Quote every line of the data below as it stands, omitting pictures.

#### Data provided:
= = =
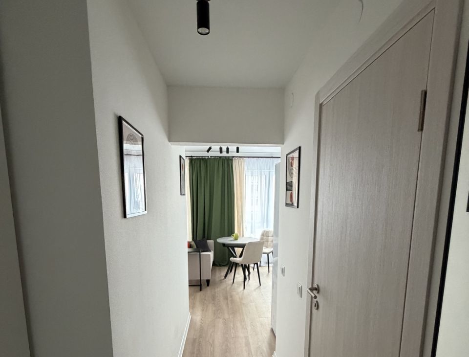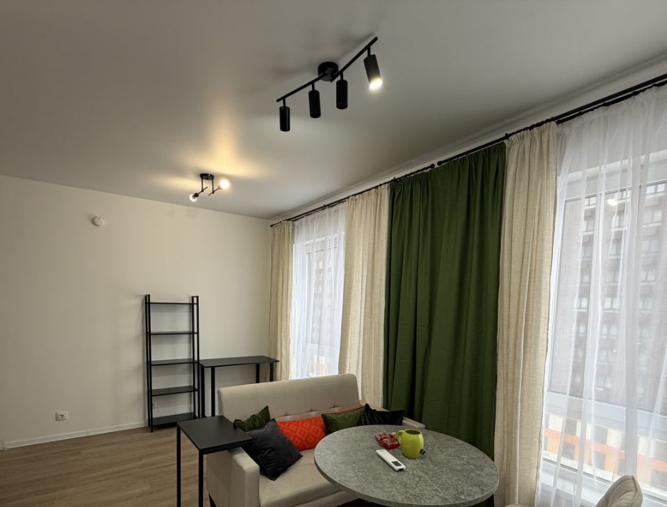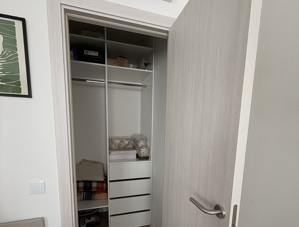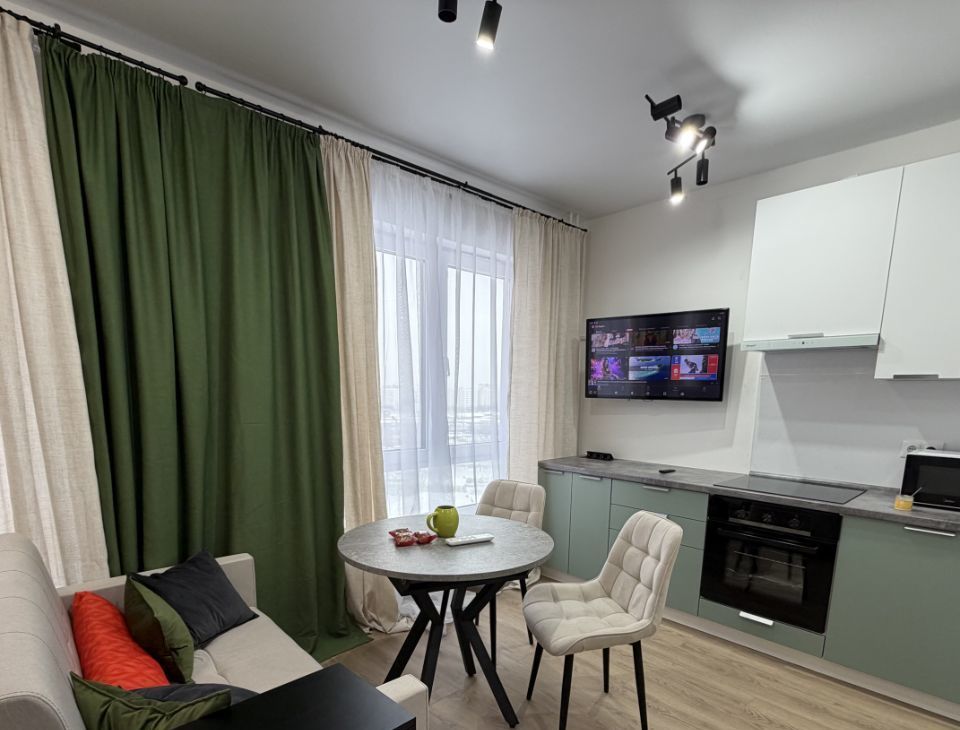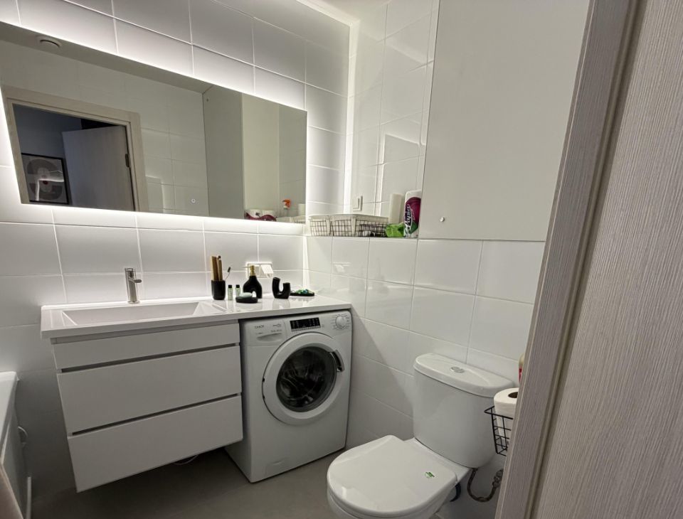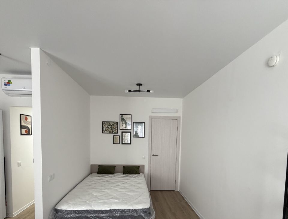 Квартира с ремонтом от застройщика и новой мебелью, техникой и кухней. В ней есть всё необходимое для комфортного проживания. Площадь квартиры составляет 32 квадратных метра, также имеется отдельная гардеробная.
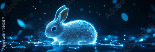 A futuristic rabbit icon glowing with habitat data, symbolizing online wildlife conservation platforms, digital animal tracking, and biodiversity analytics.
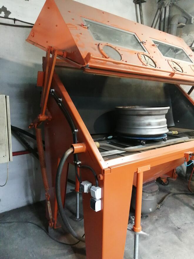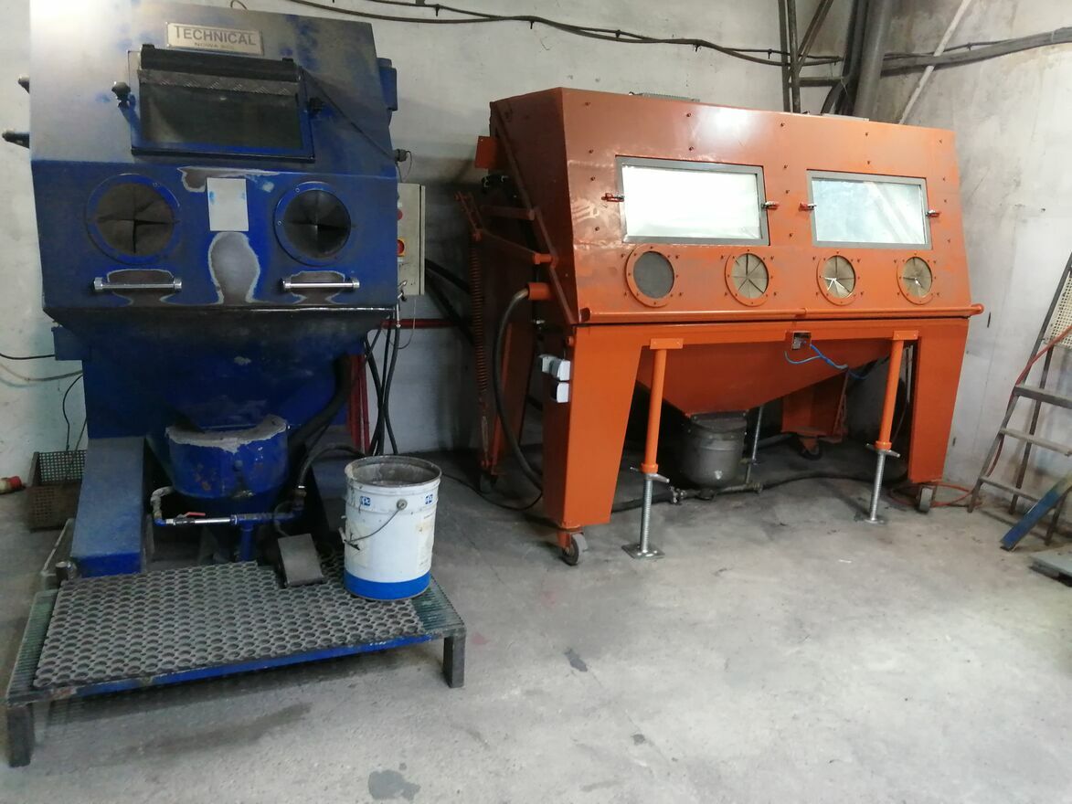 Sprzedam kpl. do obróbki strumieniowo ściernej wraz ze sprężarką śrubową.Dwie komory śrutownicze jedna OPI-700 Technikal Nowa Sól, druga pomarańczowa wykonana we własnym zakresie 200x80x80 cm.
= = =
#### Solution to the problem:
 Квартира с ремонтом от застройщика и новой мебелью, техникой и кухней. В ней есть всё необходимое для комфортного проживания. Площадь квартиры составляет 32 квадратных метра, также имеется отдельная гардеробная.
 A futuristic rabbit icon glowing with habitat data, symbolizing online wildlife conservation platforms, digital animal tracking, and biodiversity analytics.
 Sprzedam kpl. do obróbki strumieniowo ściernej wraz ze sprężarką śrubową.Dwie komory śrutownicze jedna OPI-700 Technikal Nowa Sól, druga pomarańczowa wykonana we własnym zakresie 200x80x80 cm.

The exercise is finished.